The Board may at any time amend the Plan in whole or in part; provided, however,
that no amendment shall affect the terms of any previously deferred amounts or
the terms of any irrevocable Deferred Fee Election Form of any
Participant.
(b) Termination.
The Board may at any time partially or completely terminate the Plan if, in its
judgment, the tax, accounting, or other effects of the continuance of the Plan,
or potential distributions thereunder, would not be in the best interests of the
Company.
(i) Partial
Termination. The Board may partially terminate the Plan by instructing the
Committee not to accept any additional Deferred Fee Election Forms and
terminating all existing Deferred Fee Election Forms to the extent such Deferred
Fee Election Forms have not yet become irrevocable. In the event of such a
partial termination, the Plan shall continue to operate and be effective with
regard to all elections regarding Deferred Fees made prior to the effective date
of such partial termination.
(ii) Complete
Termination. The Board may completely terminate the Plan as provided in this
Section 9(b)(ii).
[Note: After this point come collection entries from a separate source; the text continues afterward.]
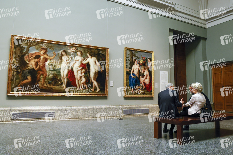 Jonas Gahr Store, Ursula von der Leyen und Xavier Bettel bei der Ankunft zu einem informellen transatlantischen Abendessen der NATO Staats- und Regierungschefs im Prado-Museum. Madrid, 29.06.2022
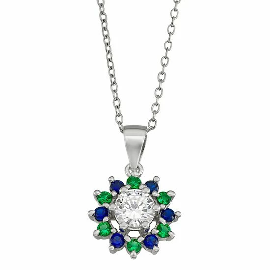 Featuring a dazzling cubic zirconia center stone beautifully complemented by blue and green lab-created spinel accents, this sterling silver pendant provides an eye-catching touch of color to your ensembles.
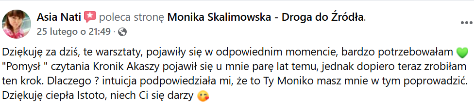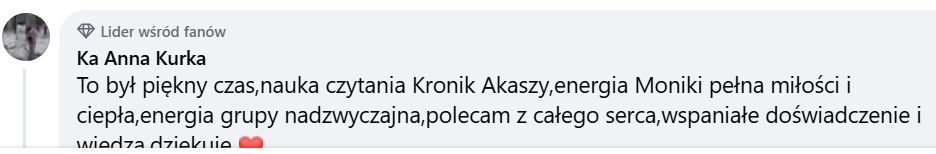 Z doświadczenia wiem, jak mocno Czytanie Kronik potrafi uzdrowić życie. Chcę, żeby każdy mógł tego doświadczyć – bez barier finansowych. Dlatego cena jest symboliczna.
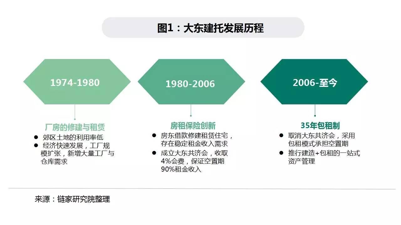 大东建托创建于1974年的名古屋市,正处于资产管理行业的形成阶段。此时期日本郊外有大量未充分开发的土地,土地主无暇也无心顾及土地开发,另一方面工厂规模快速扩大,产生大量租赁厂房、仓库的需求。
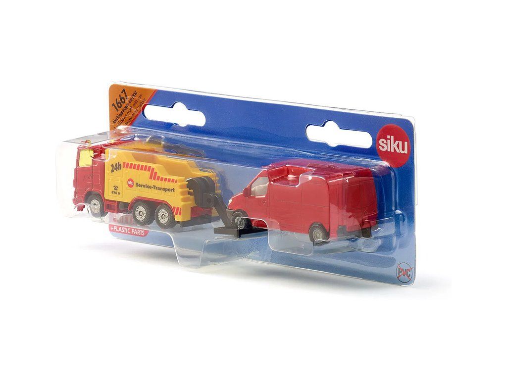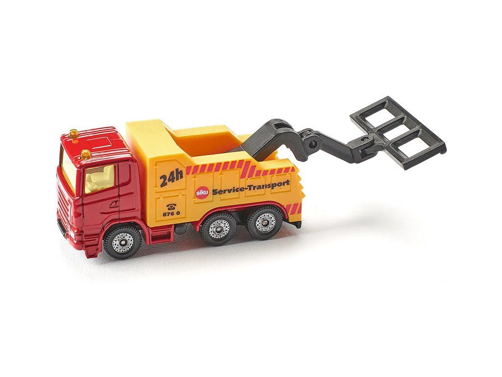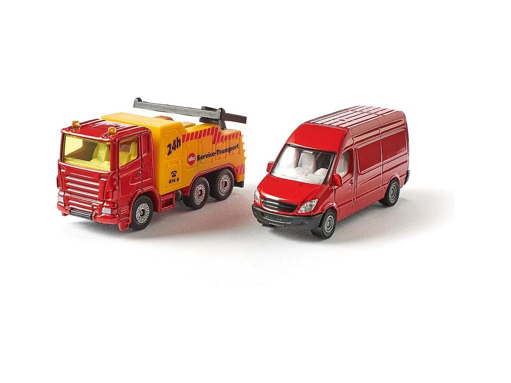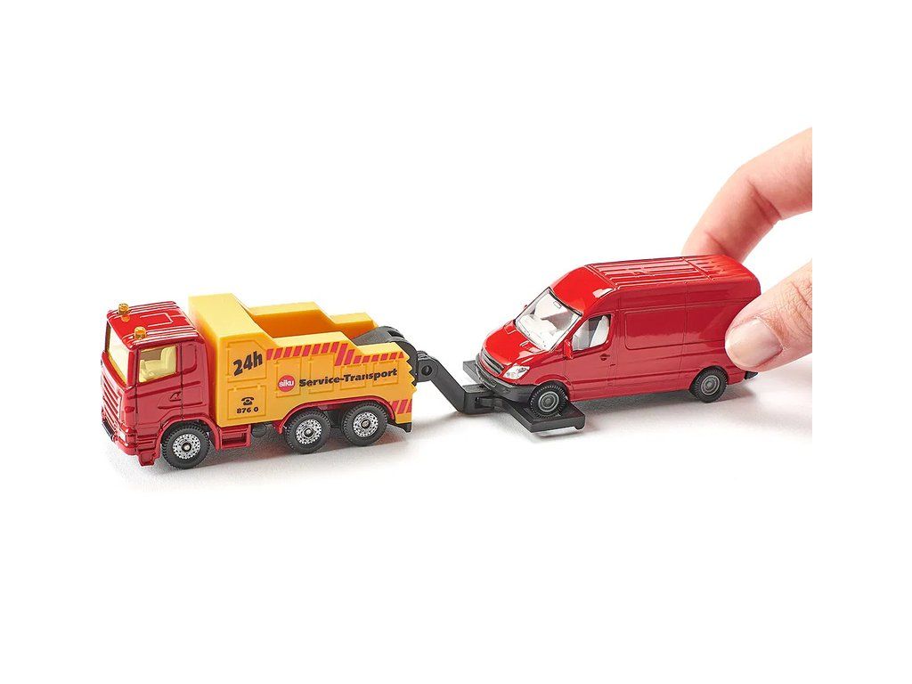 Kovový model odtahového auta s dodávkou, délka přibližně 18 cm, měřítko 1:87. Odtahové vozidlo má čirá okna, majáčky a sklopné nastavitelné rameno. Dodávka obsahuje rovněž čirá okna a zpracovaný interiér. Vhodné pro hraní i sběratelství. Kvalitní zpracování z kovu a plastu. Baleno v blistru.
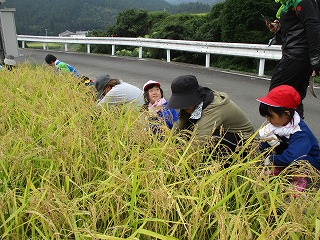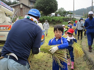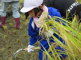 コロナ対策のため、例年お世話になっている高齢者の方はお呼びせず、保護者の皆様と子ども、教職員のみで行いました。少ない人数でしたが、子どもたちの手際のよさに驚きました。コンバインで作業できない端の部分を、保護者の方とともにあっという間に刈り取ることができました。
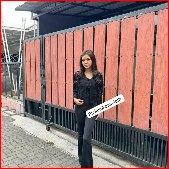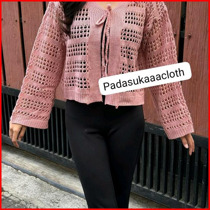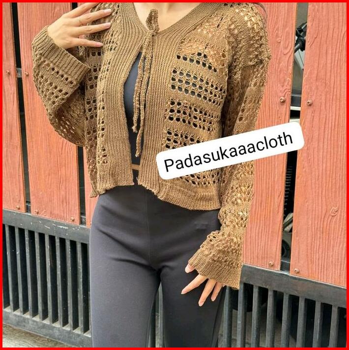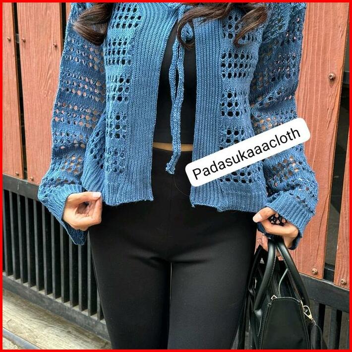 Arumi Outer Crop Cardigan Jaring Knitwear Tali Atasan Wanita Kardigan Top Cewek
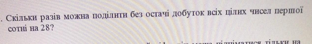 скільки разів можна поділити без остачи добуток всіх цілих чисел першої сотні на 28
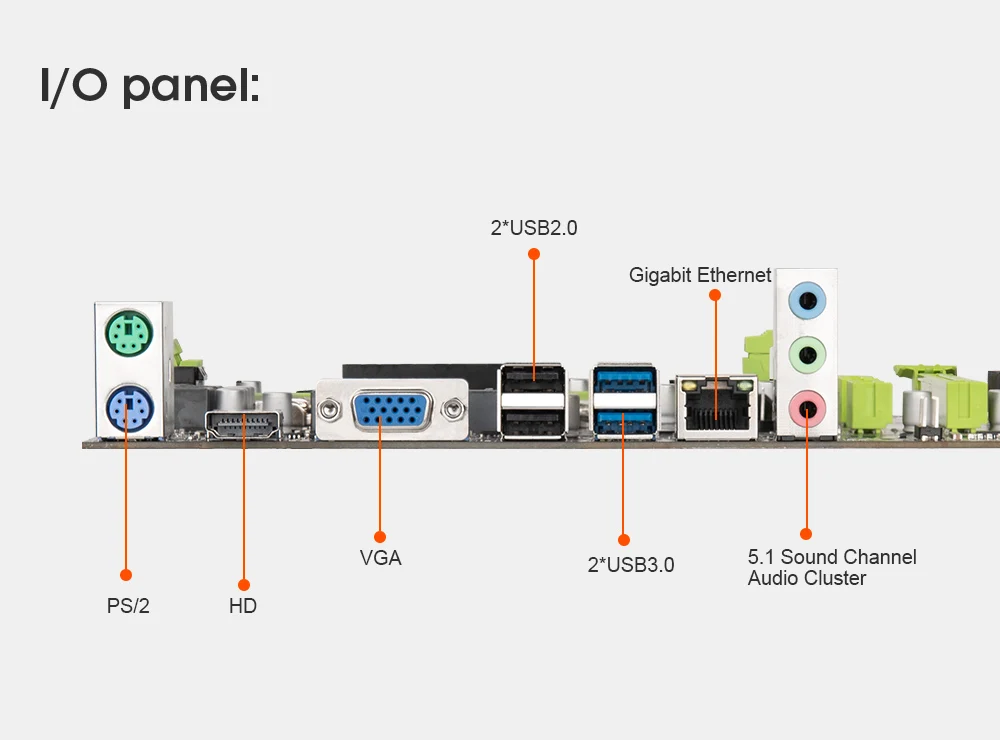 | Задний ввод/вывод | 2 * USB2.0 1 * RJ45 LAN порт 1*5,1 звуковой канал аудио кластер 1 * PS2 (поддержка клавиатуры PS2 + мыши) 1 * HDMI-совместимый порт 1 * VGA 2 * USB3.0 | |||||
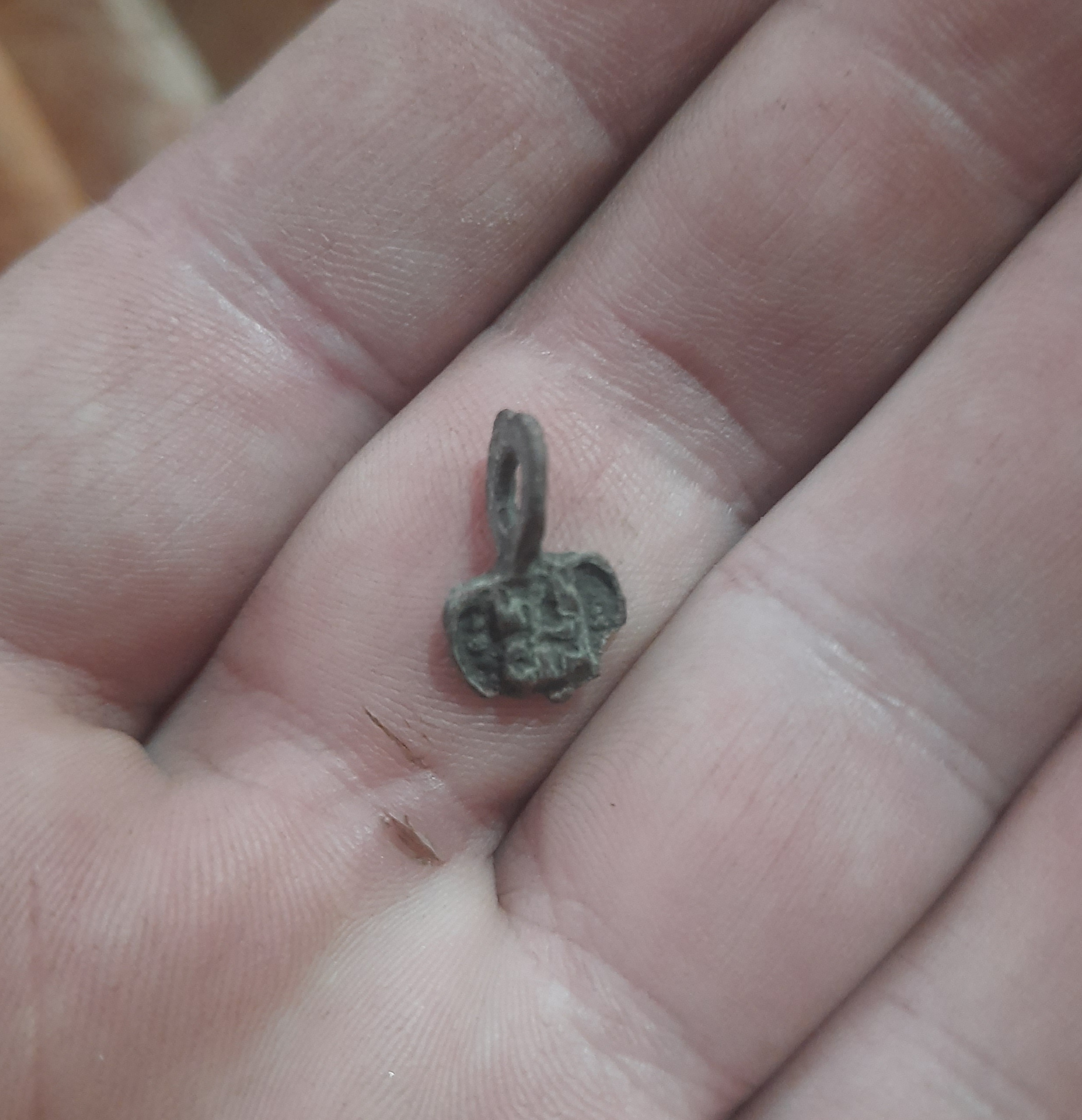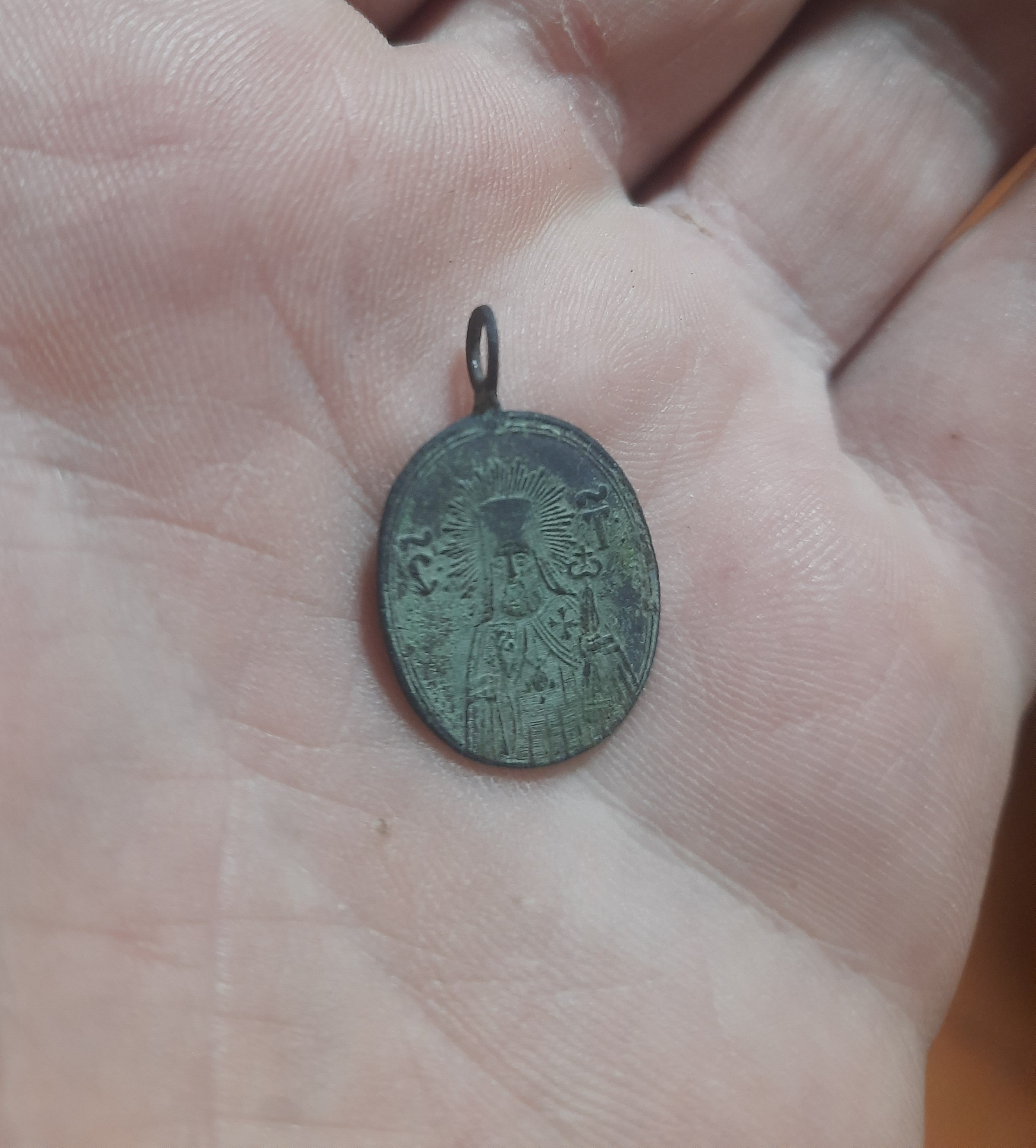 Сегодня пошел на новое поле. В течении часа вылез образок святителей Митрофана и Тихона. Также 2 копейки 1960-х и гнилая пуговица. На поле встречается керамика, стекло, кирпичи, наверное что-то было. Но опять же, где не приду, только маленькие находки, крупное явно собрали до меня.
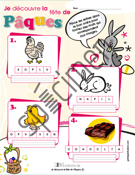 L'élève doit placer des lettres en ordre pour former des mots sur le thème de Pâques.
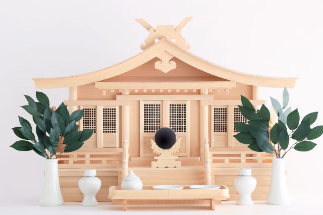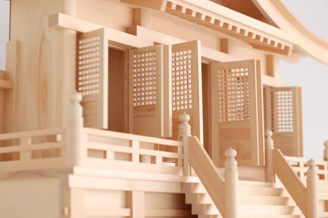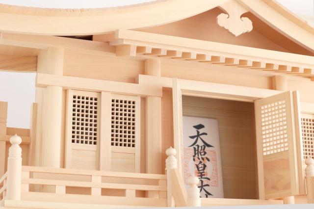 桧材の頂点、木曽桧で作られた神棚は、職人の木工技術が集約された最高級品として、木肌の美しさを強調する構造と工芸品のたたずまいを持ち合わせています。
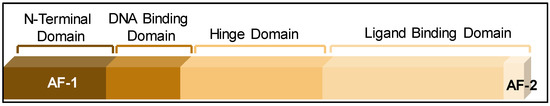 Schematic structure of a typical nuclear receptor (NR). The modular structure of NRs includes an N-terminal region, responsible for the ligand-independent activation function (AF-1), a DNA-binding domain, a hinge domain and a ligand-binding pocket responsible for the ligand-dependent activation function (AF-2).
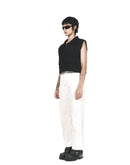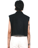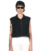 BLACK CROP TOP FEATURING DERMATEX TECHNIQUE WITH METAL ZIPPER AND LASERED ALLOVER PRINT
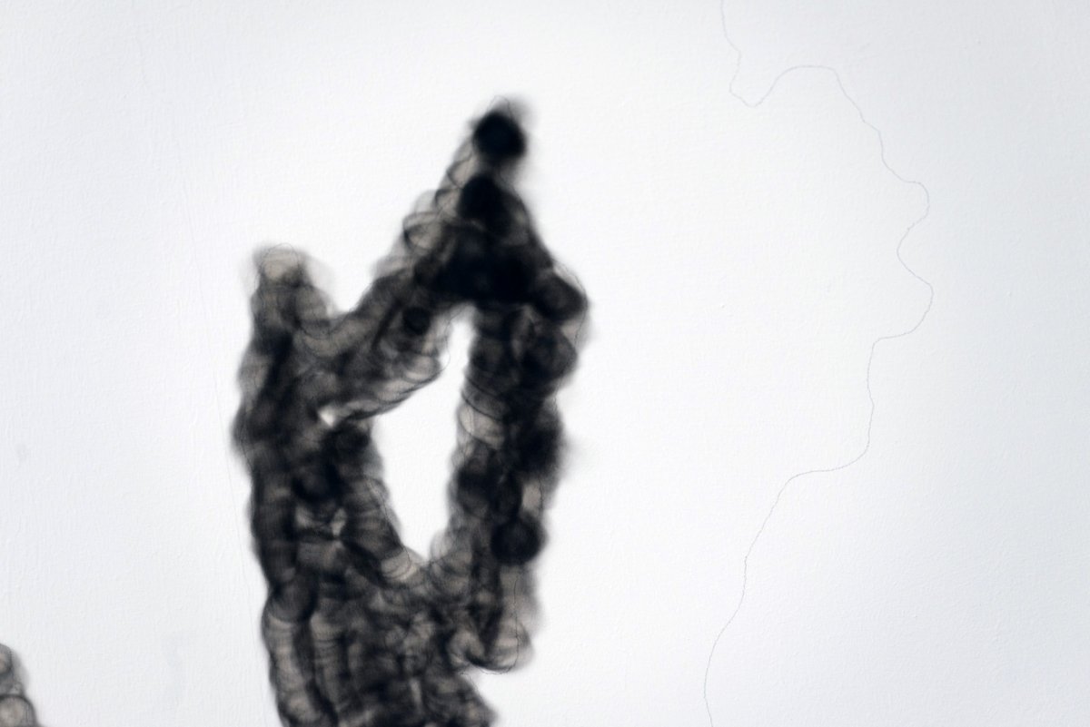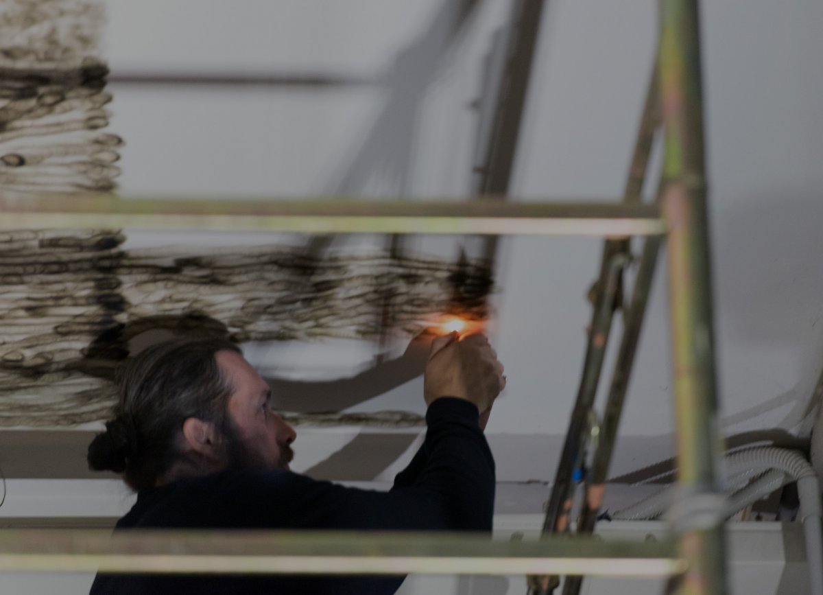 With Squatter, regarder le ciel Olivier Kosta-Thèfaine installs himself at Ex GAM for some days. Here he carries out his activity, half-hidden on top of some scaffolding, visible only within a shred of time that could be of infinite length. The surface-area that he must contend with is enormous. With a technique that has been expertly honed over the course of years, Kosta-Thèfaine uses the chromatic effects produced by the flames of a cigarette lighter to compose pointillist figures on the ceiling. If we are deprived of this preliminary information, these markings might remind us of a byzantine or Moorish decorative tradition, perhaps imported by new migrants to the banlieue; but this isn’t what the piece is about. The vastness of space to be filled – an entire sky – corresponds to the expansive length of time of an unnecessary labour. Bored inhabitants squat vast peripheral buildings, concrete corridors and stairwells. These are the places of a possible encounter between vandalism and poetry.
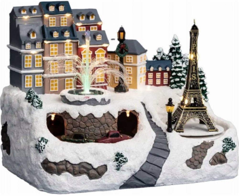 Vánoční dekorace Fééric Lights a Vánoce Pohybující se zimní scéna s Eiffelovou věží
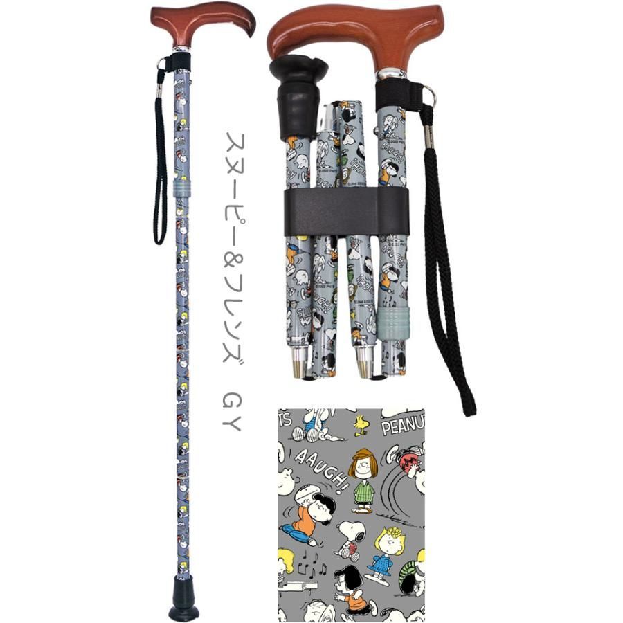 プレゼント付 SNOOPY スヌーピー コンパクト ステッキ 折畳伸縮型 かわいい 折りたたみ 伸縮 折り畳み 折りたたみ式 杖 マキテック 車椅子 骨折 リハビリ プレゼント
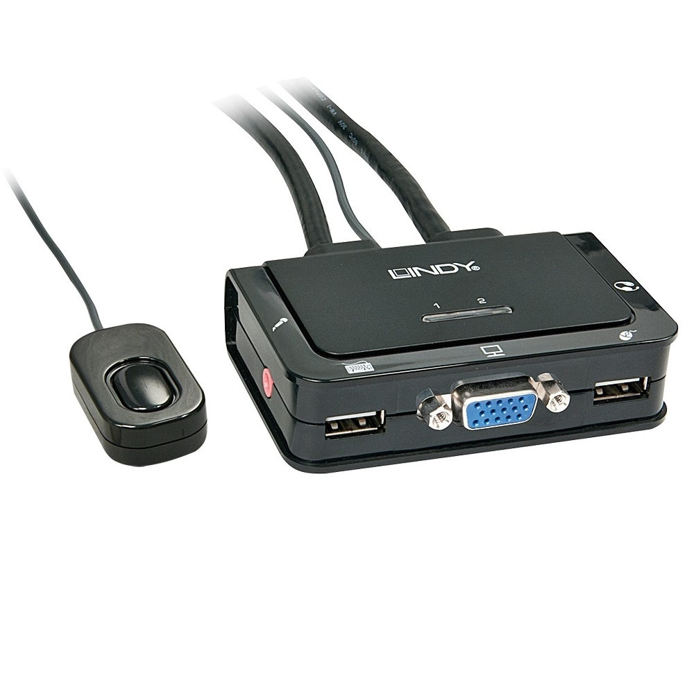 Позволява два компютъра с VGA видео да се управляват от един комплект клавиатура, мишка и монитор. Поддържа превключване и на звука. С интегрирани кабели за лесна и бърза инсталация.
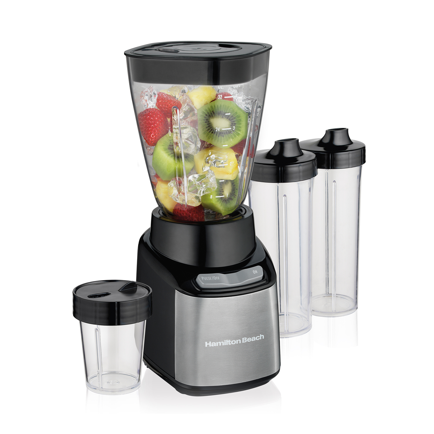 Incluye una jarra de 946 mililitros, 2 vasos para viaje de 473 mililitros y una taza para moler de 237 mililitros, todos libres de BPA. Todos los recipientes incluidos están hechos de Tritan® irrompible que es transparente y liviano, apto para lavavajillas.
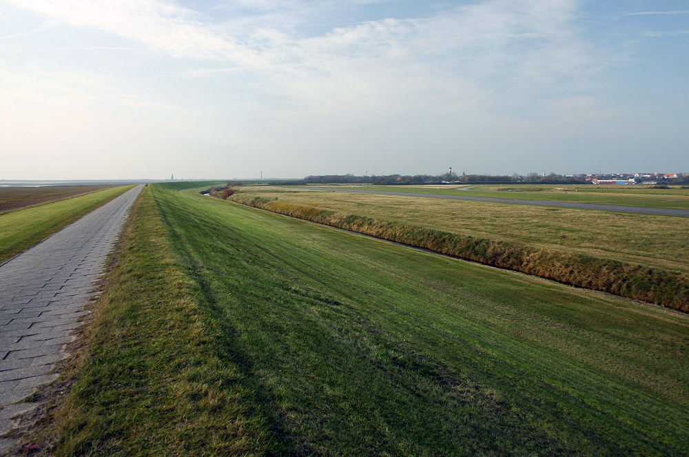 Wir sind nun ein Stückchen in Richtung Westen weitergefahren. In der rechten Bildhälfte sehen Sie den Deichgraben und daneben die Start- und Landebahn des Inselflugplatzes. Die Lichtverhältnisse vermitteln bereits einen recht herbstlichen Eindruck.

In connection with any complete termination, the Company shall
take all actions necessary so that Participants do not incur any taxes under
Section 409A of the Internal Revenue Code.
(1) In
the event the Board causes a complete termination of the Plan (other than in
connection with a Change in Control Event as provided in Section 9(b)(ii)(2)),
the Plan shall continue to operate as in a partial termination except as
provided in this Section 9(b)(ii)(1). For a period selected by the Board of at
least 12 months from the date the Board takes action to terminate the Plan, the
Plan shall continue to make distributions otherwise due under the terms of the
Plan absent termination of the Plan. On a date selected by the Board that is
more than 12 months from the date the Board took action to terminate the Plan,
the Plan shall cease to operate, the Company shall determine the balance of each
Participant's Stock Unit Account as of the close of business on such date and
the Company shall distribute such Stock Unit Account balances to the
Participants in a single lump sum distribution as soon as practicable after such
date, but in no event shall such distribution be made later than 24 months after
the date the Board took action to terminate the Plan.
(2) The
Board may completely terminate the Plan at any time during the 30 days preceding
or the 12 months following a Change in Control Event (as defined in the proposed
regulations under Section 409A of the Internal Revenue Code in effect as of the
effective date of the Plan or in any revised or final regulations adopted after
the effective date of the Plan). In that event, on the effective date of the
complete termination, the Plan shall cease to operate, the Company shall
determine the balance of each Participant's Stock Unit Account as of the close
of business on such effective date, and the Company shall distribute such Stock
Unit Account balance, whether or not then vested, to the Participants in a
single lump sum distribution as soon as practicable after such effective date
and in no event later than 12 months after such effective date.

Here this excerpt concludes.